Transcribe the lines below exactly, beginning with the line that holds "通過搜索引擎(如百度、搜狗、" and ending with the final line, both included. Pictures are to be left out.

DATA EXTRACT =
- Opening Delimiter -
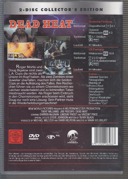 "Dead Heat" ist nicht nur ein Muss für jeden Actionfilm-Fan, sondern auch ein wahres Sammlerobjekt. Diese luxuriöse Edition hebt sich durch hochwertige Verpackung und exklusive Inhalte ab. Erweitern Sie Ihre DVD-Sammlung mit diesem unverwechselbaren Stück Filmgeschichte, das garantiert für spannende und unvergessliche Filmabende sorgt. Holen Sie sich jetzt die 2-Disc Collector's Edition und erleben Sie den Nervenkitzel des rasanten Action-Kinos in seiner ganzen Pracht!
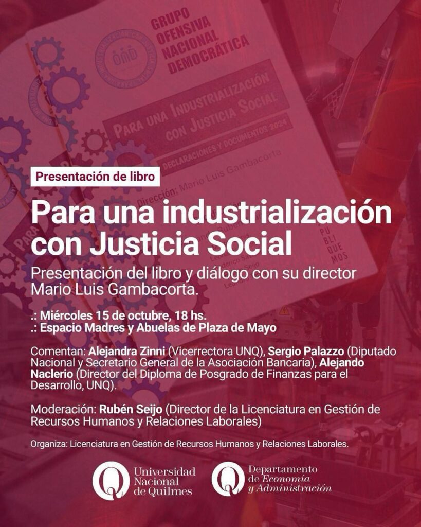 El miércoles 15 de octubre de 2025 se presentará el libro “Para una industrialización con Justicia Social”, en el Espacio Madres y Abuelas de Plaza de Mayo de la Universidad nacional de Quilmes (UNQ). También se podrá dialogar con su Director Mario Luis Gambacorta.
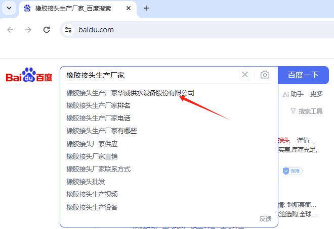 通過搜索引擎(如百度、搜狗、360、bing、國外谷歌等,天眼查、企查查等)輸入關鍵詞“橡膠接頭生產廠家”,可以找到許多相關的生產廠家。例如,搜索結果中提到了一些知名的橡膠接頭生產廠家,如下圖展示的結果:橡膠接頭生產廠家華威供水設備股份有限公司。
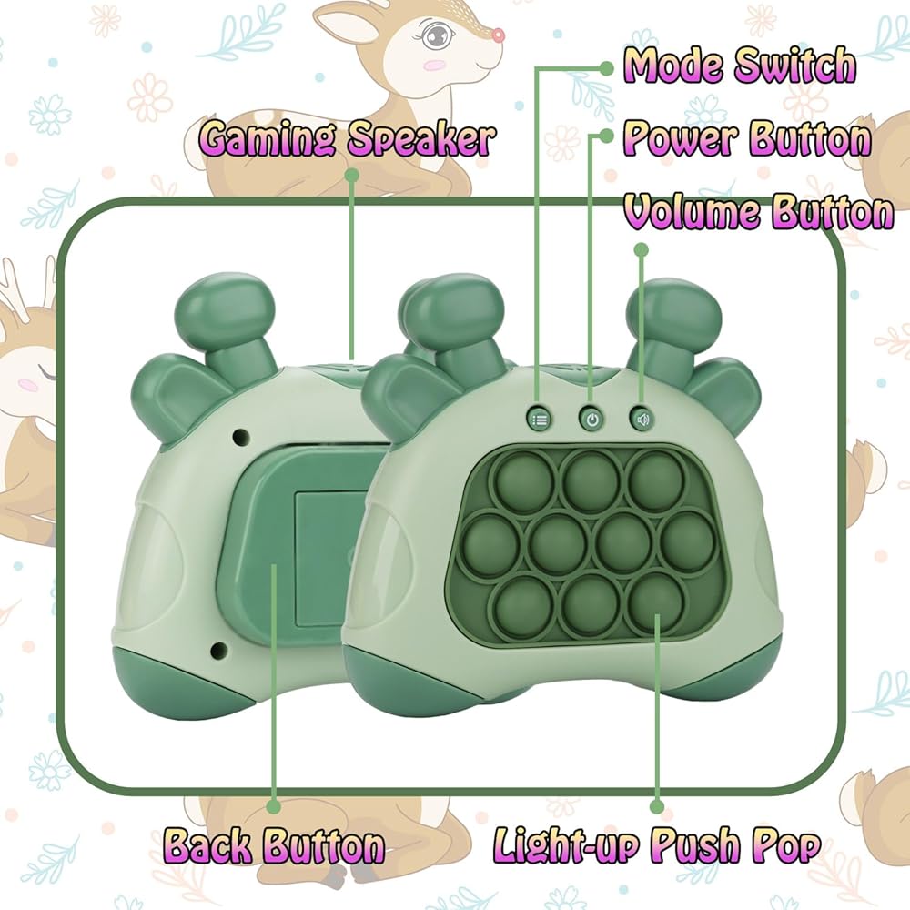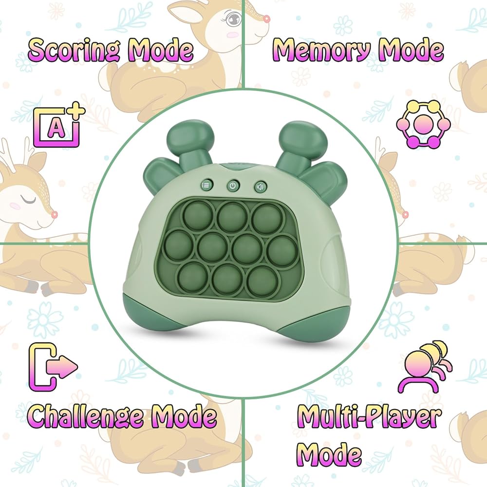 لعبة تفاعلية متعددة الأوضاع | توفر وحدة الألعاب المحمولة لدينا، Speed Push Pop، أربعة أوضاع لعب ممتعة - وضع المسرح، ووضع الذاكرة، ووضع التسجيل، ووضع اللاعبين المتعددين. يوفر كل وضع طريقة فريدة للعب والاستمتاع باللعبة، كما أن تصميم الشكل الفريد لوحدة التحكم يجعلها لعبة ألغاز ممتازة وأداة لتخفيف الضغط لكل من الأطفال والكبار.
- Closing Delimiter -
TASK ANSWER =
 通過搜索引擎(如百度、搜狗、360、bing、國外谷歌等,天眼查、企查查等)輸入關鍵詞“橡膠接頭生產廠家”,可以找到許多相關的生產廠家。例如,搜索結果中提到了一些知名的橡膠接頭生產廠家,如下圖展示的結果:橡膠接頭生產廠家華威供水設備股份有限公司。
 لعبة تفاعلية متعددة الأوضاع | توفر وحدة الألعاب المحمولة لدينا، Speed Push Pop، أربعة أوضاع لعب ممتعة - وضع المسرح، ووضع الذاكرة، ووضع التسجيل، ووضع اللاعبين المتعددين. يوفر كل وضع طريقة فريدة للعب والاستمتاع باللعبة، كما أن تصميم الشكل الفريد لوحدة التحكم يجعلها لعبة ألغاز ممتازة وأداة لتخفيف الضغط لكل من الأطفال والكبار.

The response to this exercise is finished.